You can still watch the FtBCon trans panel: Myths and Facts About Trans People

If you missed our trans panel of transness at FtBCon, don’t despair! The entire event has been recorded and saved to YouTube so you can watch it whenever you want. We discovered that just one hour wasn’t enough to contain all the awesomeness, so we eventually ended up with two hours of brilliance and sass from some of the smartest, coolest trans ladies I’ve ever met!
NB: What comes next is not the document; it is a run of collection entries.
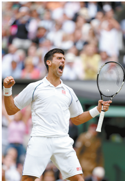
德约科维奇如今是网坛“一哥”。新华社发

当纳达尔状态陷入低谷、费德勒难挡岁月流逝的无情,而穆雷与四巨头的另外三人还有些距离时,温网后继续在ATP世界排名领跑的小德,无疑已经将风头独揽。(李远飞)
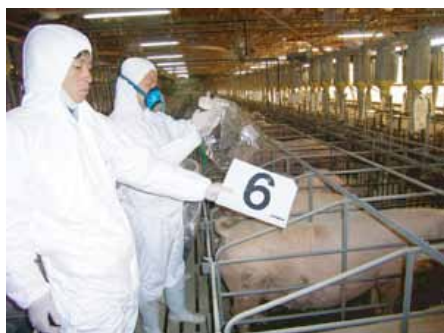
コンサルテーション臭気採取
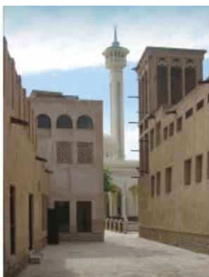
شکل ۲۸. دبي ، محله بازسازي شده بستکيه
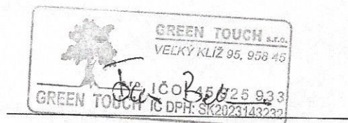
poskytovateľ Green Touch s.r.o. Tomáš Belianský konateľ
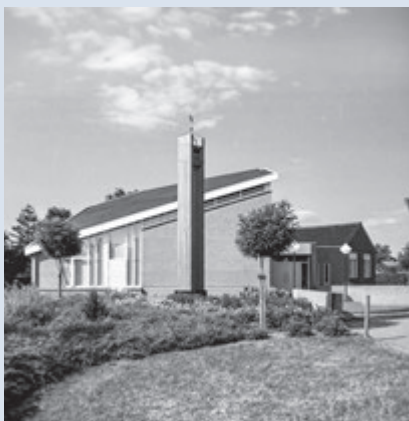
Exterieur van de Aakerk te Wierden-Aadorp.
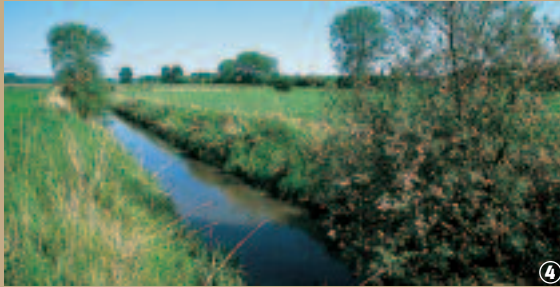
4 Courant du Décours.

au Moyen Age. Leur forte présence à cette époque, se devine aujourd'hui dans les vestiges de nombreuses abbayes autour de Marchiennes et dans la physionomie de la plaine de la Scarpe.
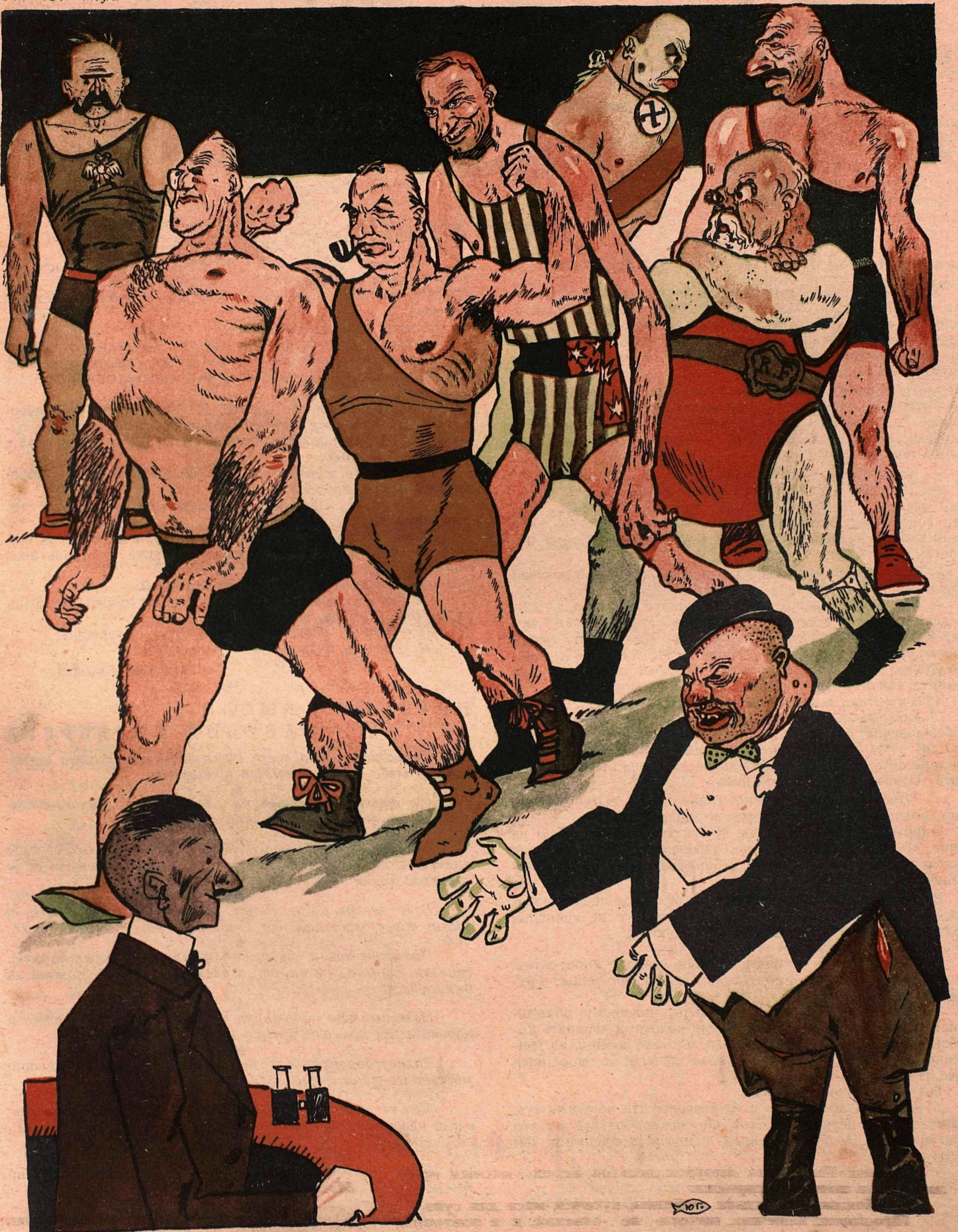
Рис. Ю. Ганфа

— Чемпионы Англии—Чемберлен и Болдуин! Чемпион Америки — Кулидж! Чемпион Франки — Пуанкаре! Чемпион Испании — Примо де Ривера! Чемпион Италии—Муссолини! Чемпион Польши—Пилсудский! — Скажите, а нет ли у вас чемпиона мира? — Извиняюсь! В нашем чемпионате участвуют только чемпионы войны!!!
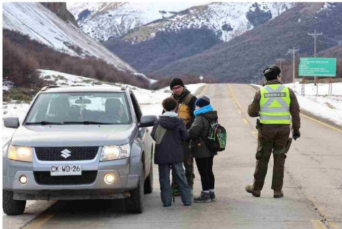
Con patrullajes educativos, comenzó la iniciativa que busca prevenir atropellos y visibilizar las amenazas que ponen en riesgo al huemul en el Parque Nacional Cerro Castillo.

Con sólo 1.500 huemules en estado silvestre, su conservación es crítica debido a la pérdida de hábitat, enfermedades transmitidas por el ganado, ataques de perros sueltos y atropellos. En el Parque Nacional Cerro Castillo, donde vive el 10% de la población, la Carretera Austral representa una amenaza constante.
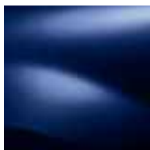
BLEU MARINE 61H (OV)
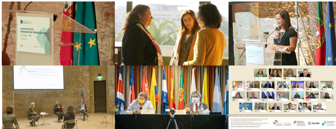
IMAGEM DO MÊS
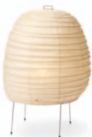
Akari 20N 630 x 420 x 420 mm Art. 201 574 01
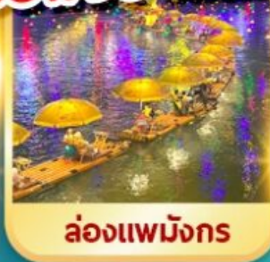
ล่องแพผิงซาน
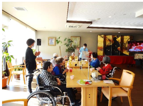
お誕生会の一コマ
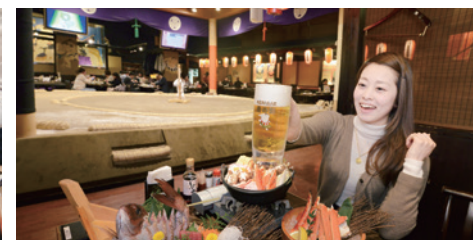
平均¥2,800/人 兩國八八八町はなの舞@両国江戸東京博物館

來自博多的華味鳥，主打以雞和青菜熬煮的火鍋，能吃到最原始的味道，也比較健康，還有美肌效果，太讚了！
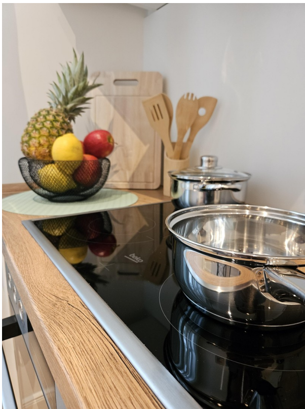
Küche / Kitchen
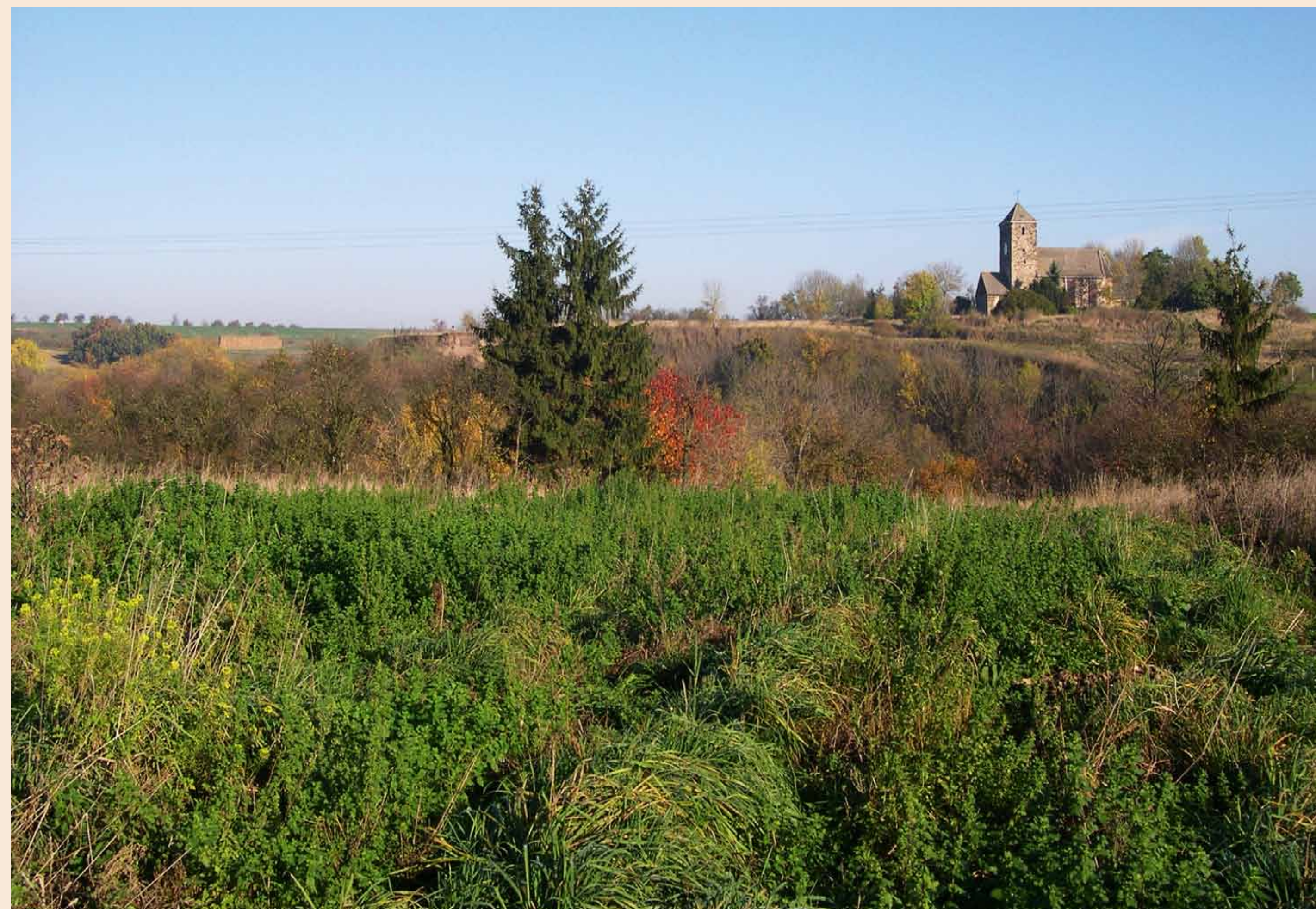
Blick von der „Heiligen Breite“ auf den Burgberg Bösenburg

Die Kirche St. Michael thront noch heute auf dem Burgberg. Der Innenraum der Kirche mit einem romanischen Westturm und einem spätgotisch erweiterten Schiff ist kunstvoll bemalt. Auf dem Friedhof und in der Vorhalle stehen mehrere prächtige barocke Grabsteine, die von einheimischen und zugewanderten Steinmetzen aus Bösenburger Sandstein im 17. und 18. Jh. gefertigt wurden. Daher stammt auch der Begriff „Bösenburger Steinmetzschule“. Die evangelische Kirche wird bis heute von den Bewohnern Bösenburgs genutzt und gepflegt.
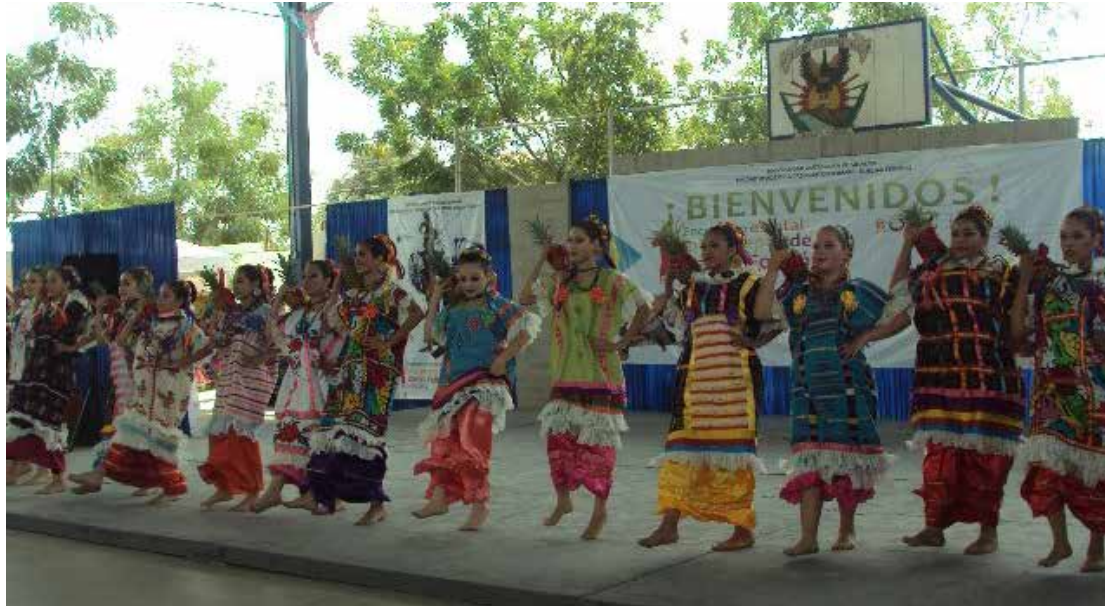
Demostración de danza
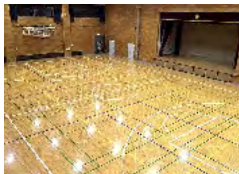
体育棟1階 第2アリーナ

We covered topics including the “trapped in a man’s body” trope, the excessive focus on trans women’s style and attire, the realities of transition surgeries, the relation between transitioning and sexual orientation, our histories with gender prior to transitioning, how gendered socialization affects us, issues with public bathrooms and other gendered facilities, and “autogynephilia”, followed by a variety of questions from viewers. Enjoy!

You can still watch the FtBCon trans panel: Myths and Facts About Trans People

7 thoughts on “You can still watch the FtBCon trans panel: Myths and Facts About Trans People

  1. 1

    I’m gonna have to watch it that way, since it just happened to be timed EXACTLY when I was fussing with BBQ burbon ribs and home-made baked beans. A girl’s gotta have priorities, y’know.

  2. 3

    That was excellent, thank you so very, very much. The fluidity of gender and how we as a society tend to *freak out* at any deviations/challenges from the “acceptable” and what that says about what we fear is something that’s been heavily on my mind.

    Also, autogynephilia. Jesus. I can not believe there are people who have time to make up shit like that. What a crock. Just like this whole “deception” thing – why must it be that we feel validated in making assumptions based on how people look and then cry “foul” when our shallow assumptions prove to be false? It’s ridiculous.

    Anyway, thanks again for bringing these wonderful women together (and to our attention!) and leading such a great discussion.

  3. 7

    Hi, Zinnia,

    I have to say I am extremely jealous of all of you, being young and trans in today’s world. When I was your age, well, the world was not *quite* what it is today, and there was no internet to help us to exchange our thoughts and feelings or to even recognize that others like us even existed. I had to do extensive library research as a child to uncover random articles about Christine Jorgensen even to learn the world “transsexual,” and believe me: there was not a lot of information out there.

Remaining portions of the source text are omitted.